Nour recalled: “On the other side of the river was an empty horizon—sand and desert. You get overwhelmed by the space. And it’s a scary type of feeling too because there’s nothing there to enhance your mind. So you go back into yourself and think of your physical existence.”

Nour eschewed a formula for the arrangement of forms, preferring that their random placement may reflect the arrangement of grazing herds.

The ordinary, semicircular forms in metal suggest the minimalist sculpture of the late 1960s, when this work was conceived but in contrast to the minimalists, who renounced cultural associations in their work, Nour deftly utilises his forms to transmit experience, meaning and memory; the sculpture transcends the limits of formalism and minimalism.

GRACE: Amir Nour, 2016, Fibre glass; 225.6 x 178 x 300 cm. Commissioned by Sharjah Art Foundation; Installation view, Bait Al Serkal, Arts Area.
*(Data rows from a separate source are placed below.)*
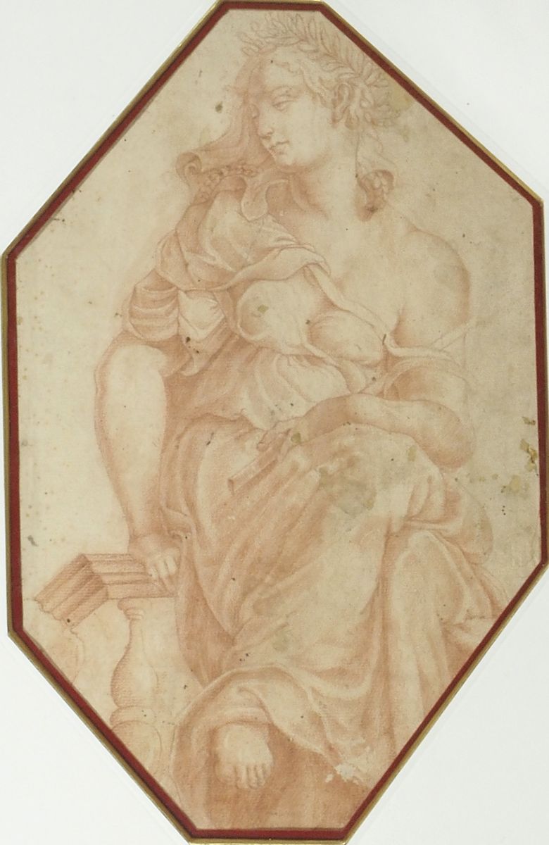 Maestro del XVII secolo "Figura allegorica" cm. 34x22 - sanguigna su carta Al retro vecchia etichetta del Prof. Franz Kieslinger che attribuisce l'opera a Francesco Salviati.
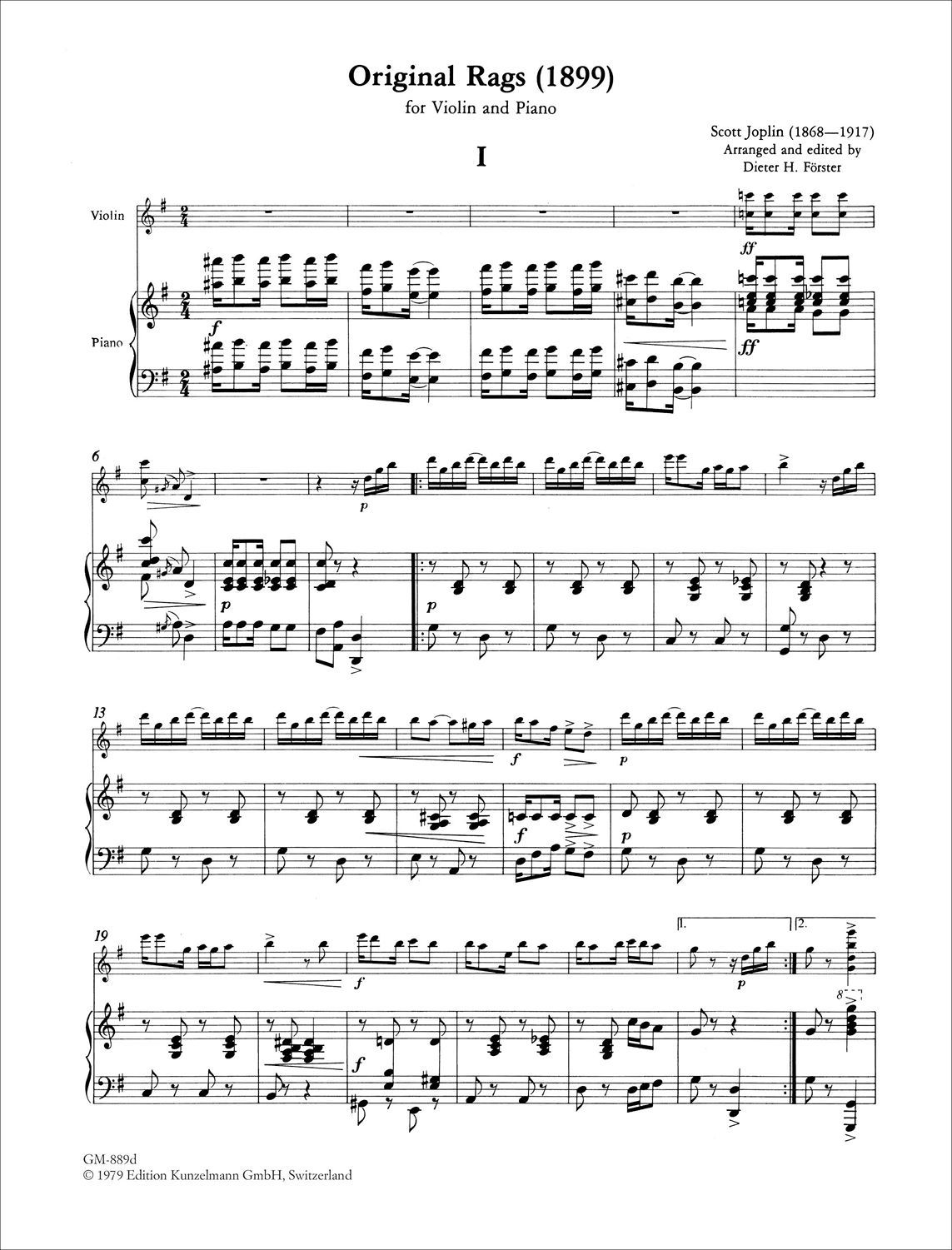 Joplin 6 Ragtimes Vol.1 for Violin (or Cello) and Piano
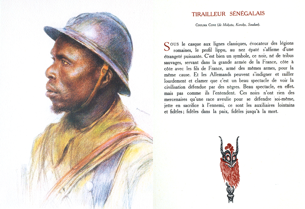 Under the classic lines of his helmet, reminding us of the Roman legions, his profile with prominent lips and flattened nose reveals a strange power. He really is symbolic, this black man, born of a wild tribe, serving in the great army of France, side by side with native Frenchmen, bearing the same arms, fighting for the same cause. And the Germans can mock and jeer loudly, proclaiming that it’s a fine spectacle to see civilisation defended by blacks. Fine spectacle indeed, but not in the way they meant. These African troops are nothing like the mercenaries whom one race subjugates to defend itself, or throws as a sacrifice to the enemy, they are faithful auxiliaries from far away, faithful in peacetime, and faithful unto death.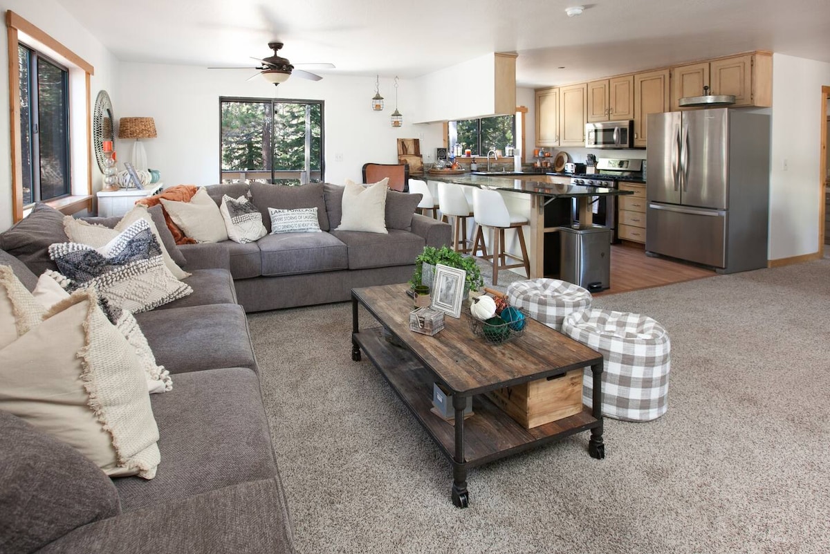 Newly remodeled with higher-end and modern designer touches, and a hot tub on the back deck! Single story and open-concept living area, chef's kitchen with higher-end gas range, larger dining table and extra seating at the breakfast bar, door opening up to fresh pines, large deck, and large open area for kids to play. Kids reading loft, bunk beds, arcade table, Smart TV's. Located in Tahoe Donner's resort neighborhood, guest access to pools, saunas, gym, and other amenities.
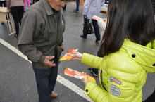 Учащиеся 10 класса в качестве волонтеров раздавали поздравительные открытки в честь празднования Дня пожилых людей.
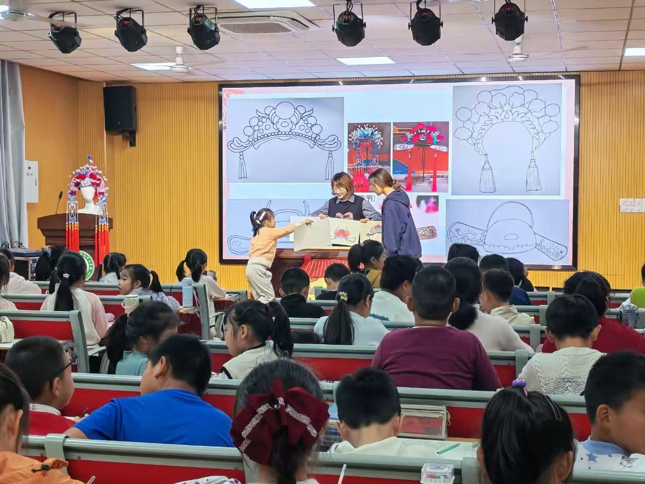此次活动的“主角”——黄梅戏盔帽,均由美术学(师范)专业的学生在非遗传承人的指导下制作完成。从秀丽雅致的女驸马盔、珠光璀璨的公主凤盔,到威严庄重的九龙盔,每一件作品都还原了传统盔帽的工艺精髓。为适配中小学教学场景,师范生们更对盔帽制作技艺进行了创新转化:将复杂的传统材料替换为安全易操作的粘土、扭扭棒、彩纸等,设计出覆盖小学低、中、高三个学段的课程包——低年级侧重“画盔帽”,用线条色彩勾勒纹样;中年级开展“拼贴半立体盔帽”,培养空间造型能力;高年级尝试“简易盔帽制作”,体验基础工艺流程,实现“非遗技艺”与“课堂教学”的无缝衔接。

Image courtesy of Sharjah Art Foundation

In 1957 Nour received a diploma from the Khartoum School of Fine and Applied Art where he later taught from 1958-59 and 1963-65.

He graduated from the Slade School of Fine Art, University of London, U.K. and followed with a postgraduate course in sculpture at the Royal College of Art, London.

A Rockefeller Fellowship brought him to the United States in 1967, where he obtained a BFA and MFA from Yale University.

Nour passed on earlier this month in Chicago where he had lived and taught for several decades.